In Russia's Revolution: Essays 1989-2006, Leon Aron traces seventeen years of Russian political, economic, social, and cultural development from glasnost and perestroika to the Putin restoration.

Gary J. Schmitt and Thomas Donnelly coedited Of Men and Materiel: The Crisis in Military Resources, which examines deficiencies in each military branch and proposes ways to develop the military the United States needs. 

In Federal Preemption: States' Rights, National Interests, editors Richard A. Epstein and Michael S. Greve compile essays on federalism's constitutional basis and its practical applications today.  

Claude Barfield and John E. Calfee authored Biotechnology and the Patent System: Balancing Innovation and Property Rights, a timely discussion of biotechnology patent reform.

In Strategic Options for Bush Administration Climate Policy, Lee Lane explores options that policymakers might consider--such as increased development of clean-energy technologies and the adoption of a carbon tax--as well as the costs and benefits of current policies. 

Coauthored by Richard Vedder and Wendell Cox, The Wal-Mart Revolution: How Big-Box Stores Benefit Consumers, Workers, and the Economy was published late in 2006. The Financial Times said "the strength of the book lies in its summaries of economic evidence."

The Challenges of China's Growth, by Dwight H. Perkins, asks whether China can make the institutional changes and reforms that will be required to reach significantly higher levels of productivity and income and whether continuing growth will unleash unpredictable social or political forces. 

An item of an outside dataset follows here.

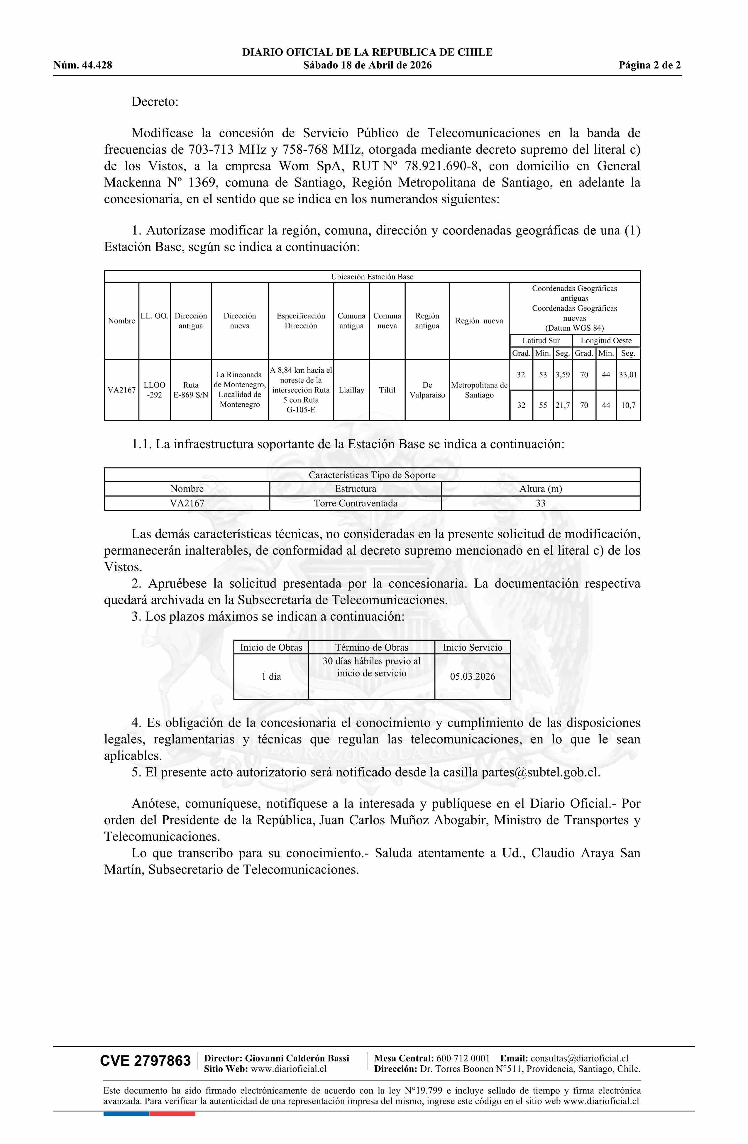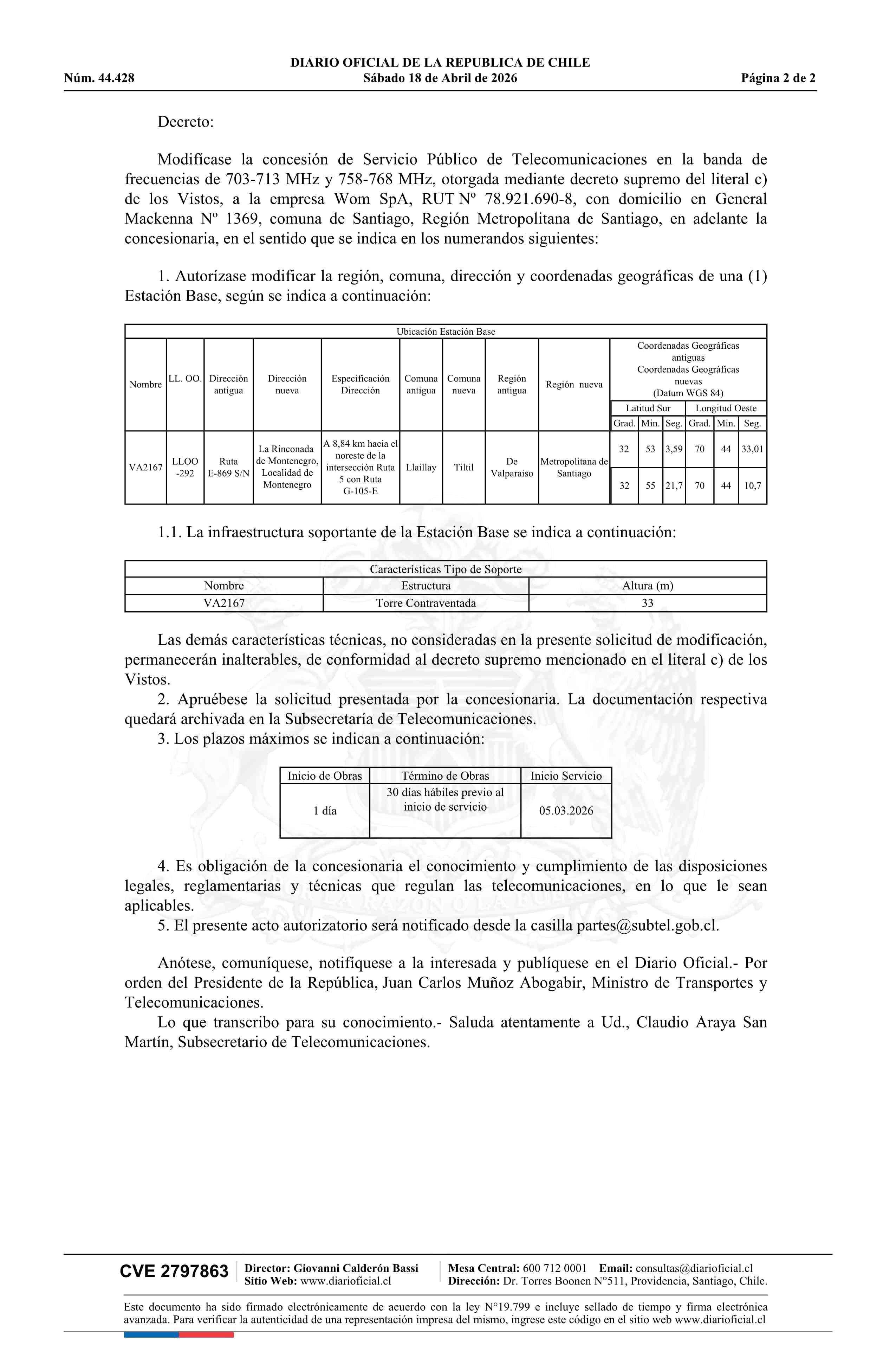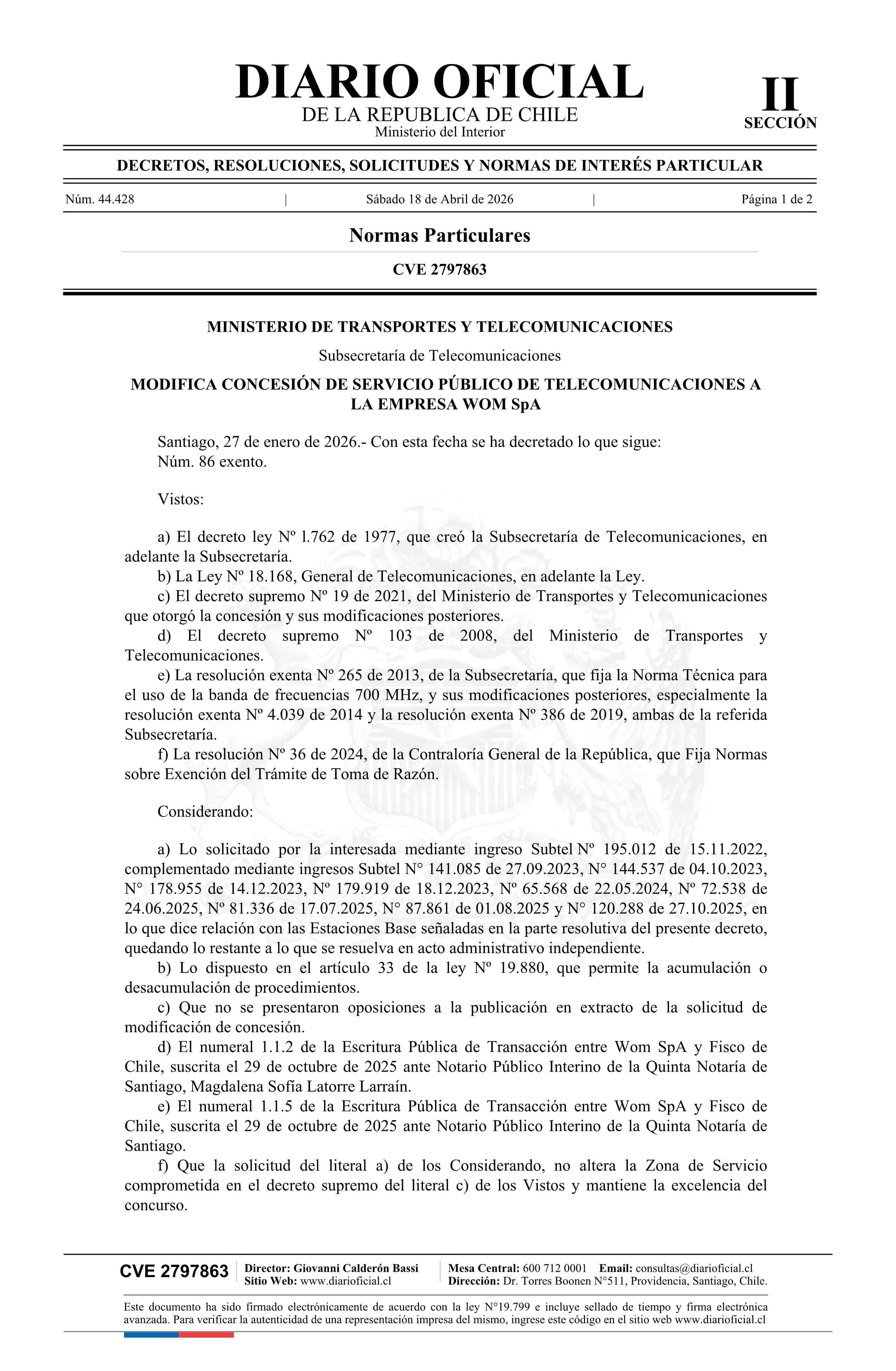 Decreto exento número 86, de 2026.- Modifica concesión de servicio público de telecomunicaciones a la empresa Wom SpA? 18-04-2026 Diario Oficial Edición Electrónica |

Mr. Epstein contributed a new volume to AEI's work on antitrust policy. In Antitrust Consent Decrees in Theory and Practice: Why Less Is More, he argues that the aggressive use of consent decrees in antitrust cases unduly impedes firms' ability to compete.

Europe and Islam, Bernard Lewis's 2007 Irving Kristol Lecture, provides historical context for the clash of religious ideologies between Islam and Christianity. Mr. Lewis discusses two eras of European-Islamic collision and explores the challenges Europe faces at the beginning of a third era.  

In Global Population Aging and Its Economic Consequences, demographer Ronald D. Lee explains how the risks of older, more slowly growing populations can be contained with foresight and prudent public policy. 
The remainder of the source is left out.